Upon graduating in 1961, Brown began a six-year teaching career. During this time, he also became extremely active in the San Diego Civil Rights Movement. He formed the Afro-American Association, an organization dedicated to informing and educating African-Americans about their plight in the United States, and was also a member of the El Cajon Valley Open Housing Committee, which sought to integrate neighborhoods in El Cajon and La Mesa. In addition, Brown helped to found and chair the local chapter of the Congress for Racial Equality (CORE). This organization fought job and housing discrimination, and organized marches, demonstrations and sit-ins across San Diego in an effort to demand equal rights and opportunities.

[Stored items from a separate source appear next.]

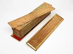 Although many versions of the texts of the early Buddhist schools exist, the only complete collection of texts to survive in a Middle Indo-Aryan language is the Tipiṭaka (triple basket) of the Theravāda school.[26] The other (parts of) extant versions of the Tripitakas of early schools include the Chinese Āgamas, which includes collections by the Sarvāstivāda and the Dharmaguptaka. The Chinese Buddhist canon contains a complete collection of early sutras in Chinese translation, their content is very similar to the Pali, differing in detail but not in the core doctrinal content.[27] The Tibetan canon contains some of these early texts as well, but not as complete collections. The earliest known Buddhist manuscripts containing early Buddhist texts are the Gandharan Buddhist Texts, dated to the 1st century BCE and constitute the Buddhist textual tradition of Gandharan Buddhism which was an important link between Indian and East Asian Buddhism.[28] Parts of what is likely to be the canon of the Dharmaguptaka can be found among these Gandharan Buddhist Texts.
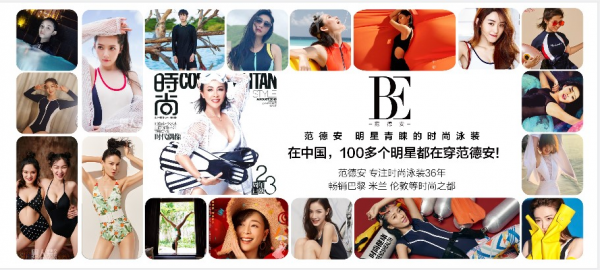 在中国,100多个明星都在穿范德安,众多时尚杂志主编也都曾推荐BE范德安时尚泳装,范德安在热门综艺中也有着超高的出镜率。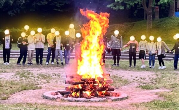日頃なかなか体験しないキャンプファイヤーや花火を楽しみました。職員による本気のダンスパフォーマンスも大いに盛り上がってくれました。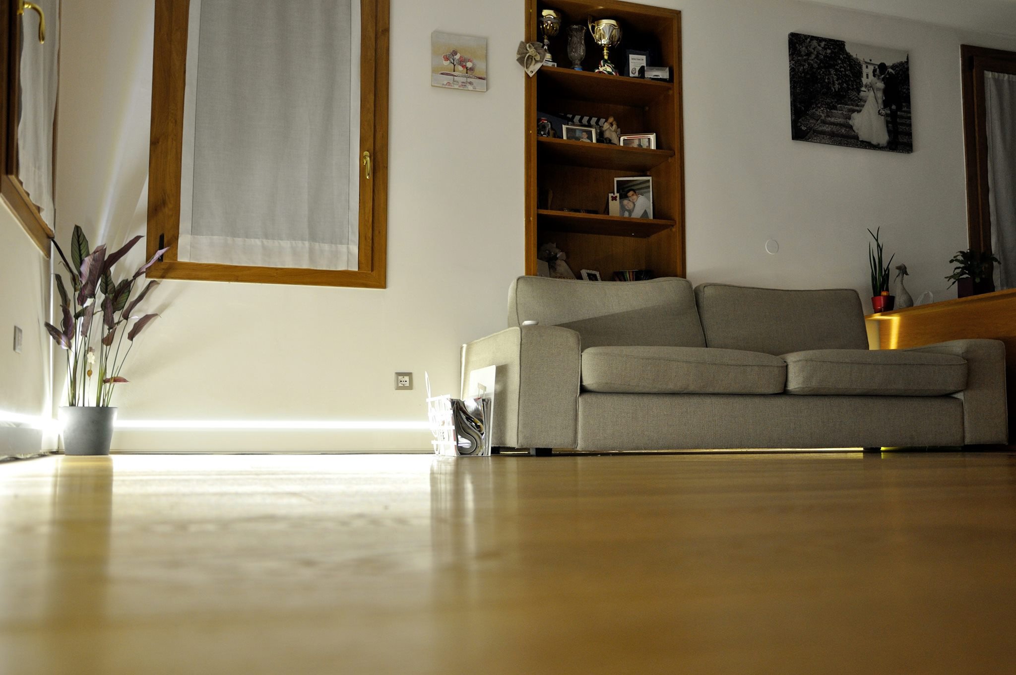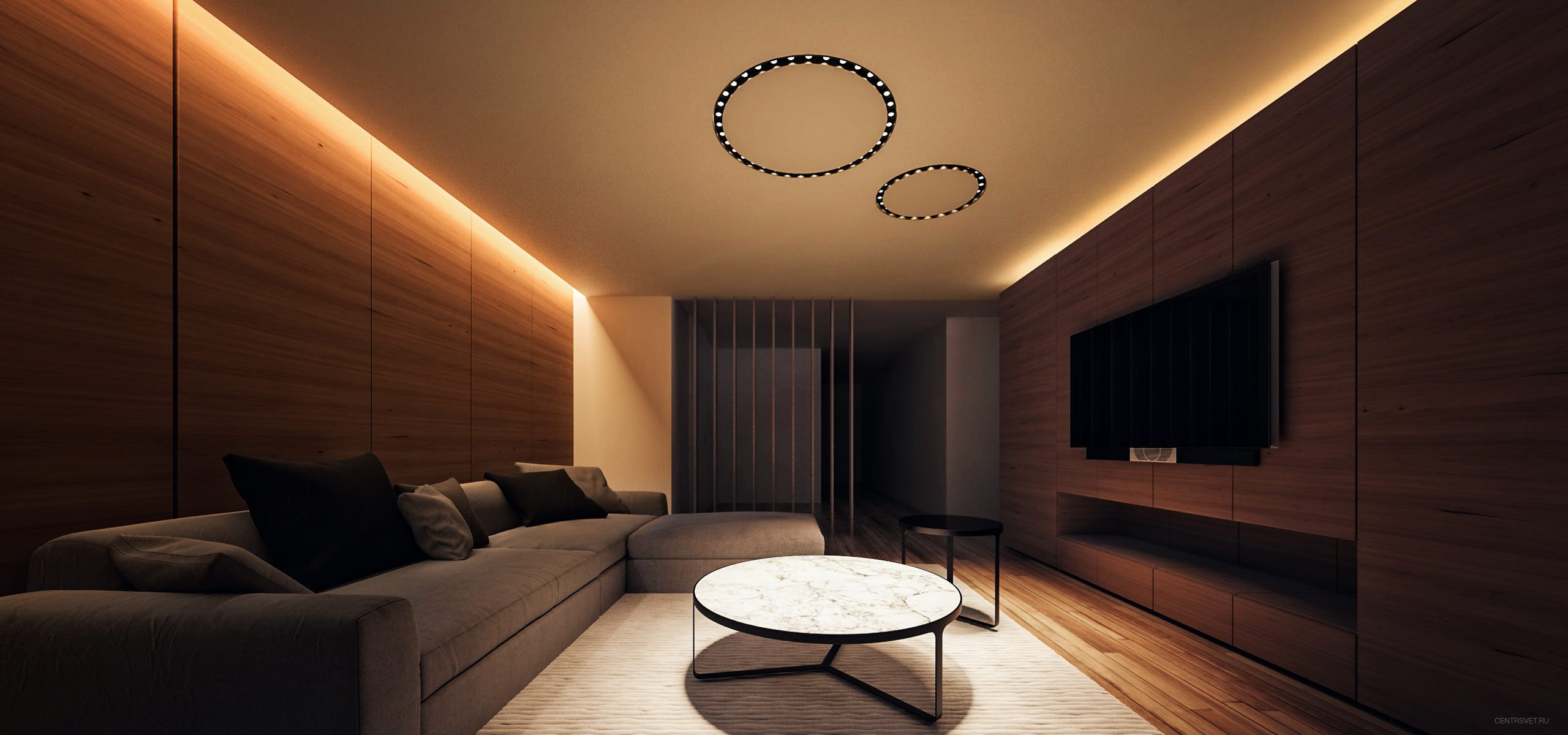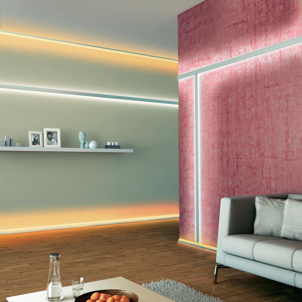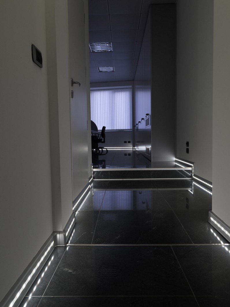 Los grandes espacios habitables se pueden dividir en zonas no solo con transiciones de color y particiones. Para distinguir entre zonas, también se utiliza la tira de LED.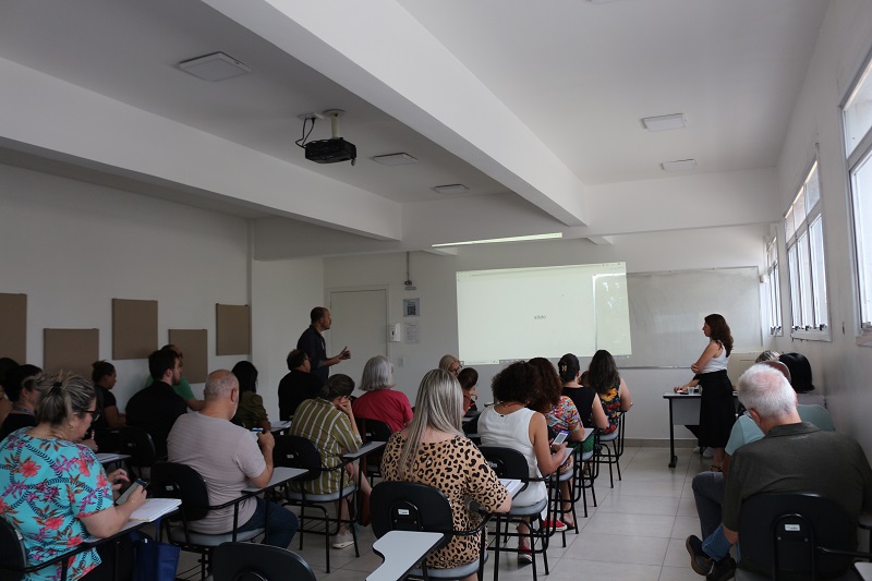 Ministraram o encontro a bibliotecária do GHC Luciane Benedetti, o analista e secretário da Escola GHC Gabriel Trevizan Corrêa e o programador da Gestão do Trabalho do GHC Clauvin Erlan Curty.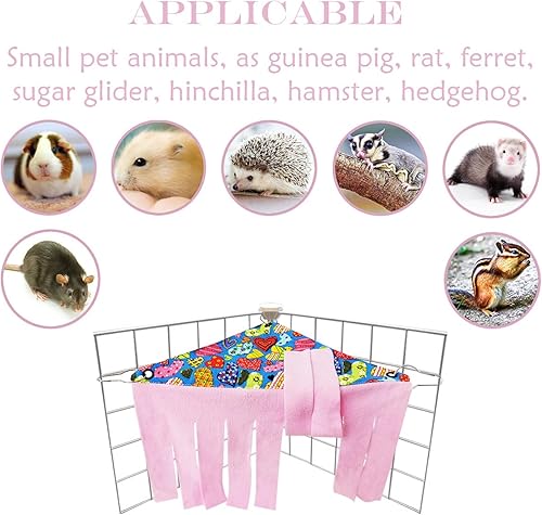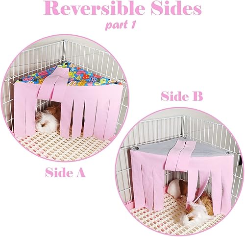 CUTE DESIGN: These 2 pieces guinea pig corner hideouts can provide a safe and funny place for them to hide and play. Your pet will love hiding, running and playing through the flannel tent. It can also be a great hammock for them to sleep. You can see the cute face of your pet at any time through the gaps in the curtains.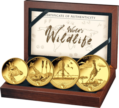 Die Giraffe zählt zu den beliebtesten und bekanntesten Vertretern der afrikanischen Tierwelt – und die Faszination für dieses grazile Wesen wird auf einer einzigartigen Münzenserie lebendig: Zum Auftakt der “World’s Wildlife”-Serie hat der Kongo gleich vier Goldmünzen mit einem Gewicht von einer Zehntelunze, einer Viertelunze, einer halben Unze und einer vollen Unze geprägt.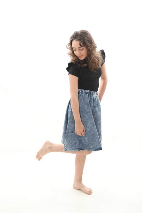 ג'ינס בהירחצאית ג'ינס ברך בנות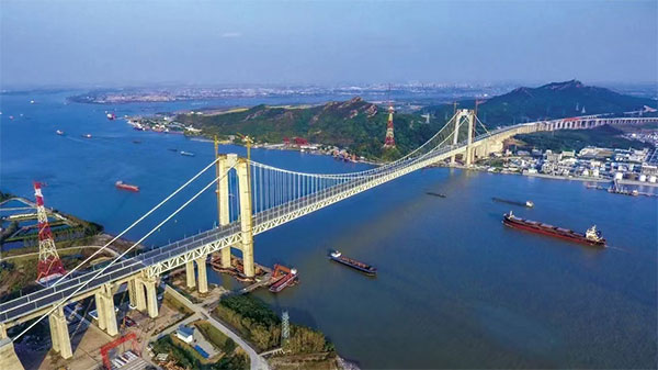 12月11日,復興號列車快速駛上距離江面64米的五峰山長江大橋,標志著世界首座高速鐵路懸索橋正式建成投用。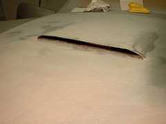 | Spraying in progress, using metallic silver, not dissimilar to the Dove Grey... | ...which was colour the car was wearing for its appearance the 1951 Paris Salon. | All these pictures were taken during the latter half of January 2003. |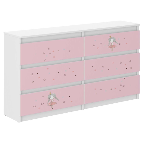 1 kép Ifjúsági 6 fiókos Komód 140cm - Hercegnő #fehér-rózsaszín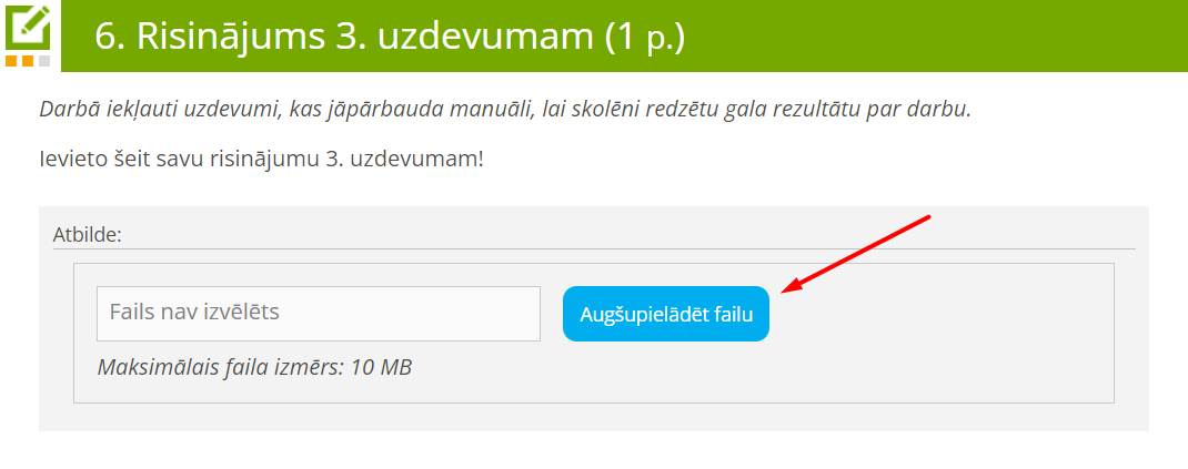 - Jāizvēlas uzdevuma tips “Atbilde ar failu”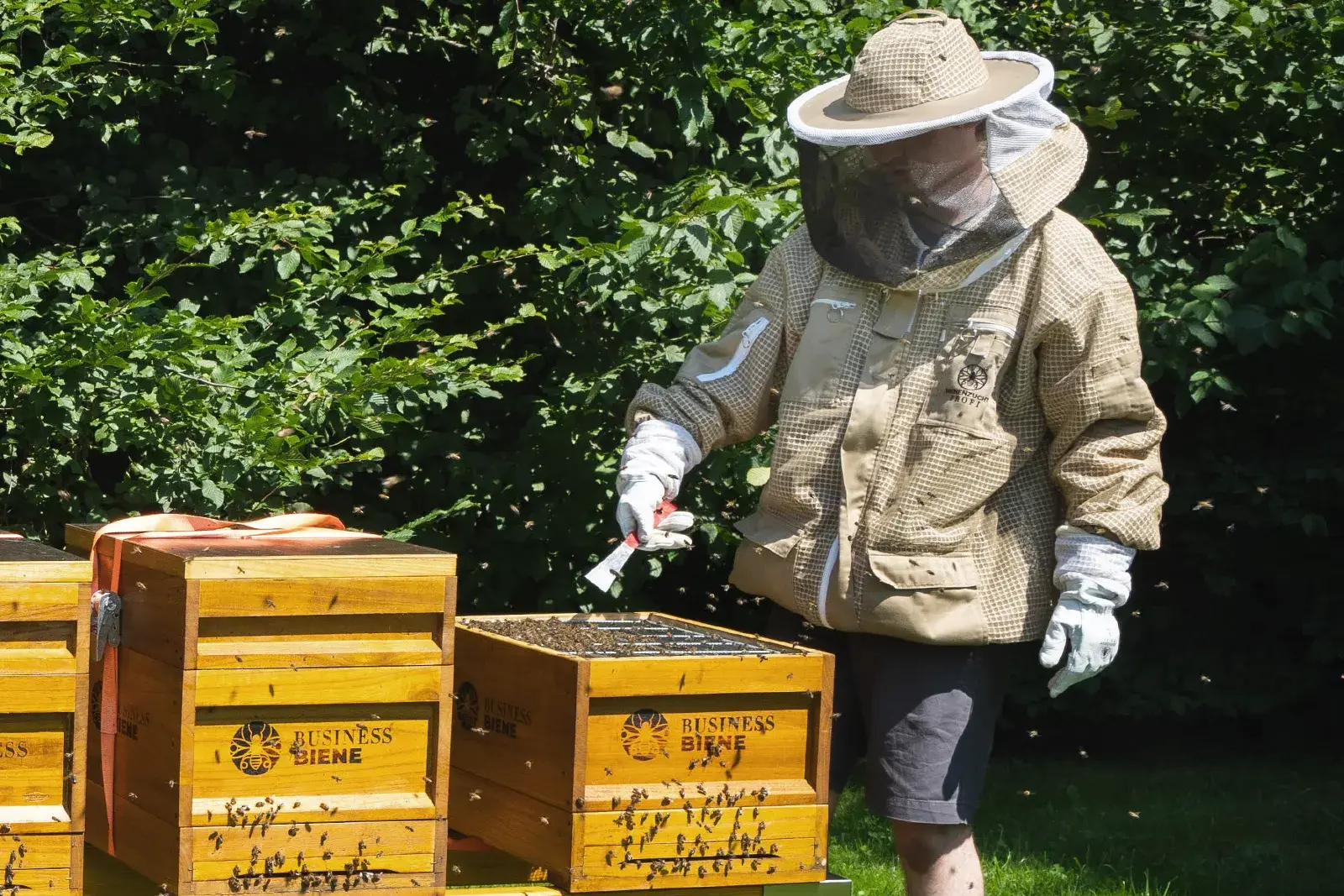 Victor Dutenhöfner von der BUSINESS BIENE lieferte fünf Bienenstöcke und setzte die jeweils 50.000 fleißige Bienen umfassenden Völker ein. MEV hat die Patenschaft für diese fünf Völker übernommen.

Later, Brown became the Deputy Director for the US Peace Corps in Lesotho. After returning from Africa, Brown began working in central administration at San Diego State in 1971, making him the first African-American administrator at SDSU. During his 33-year tenure, Brown helped to hire the faculty and develop the curriculum for the Africana Studies Department. In 1995, he created the certificate program in Community Economic Development, and eventually established the Center for Community Economic Development. Harold Brown has been the recipient of numerous awards both for his service to the university and to the community.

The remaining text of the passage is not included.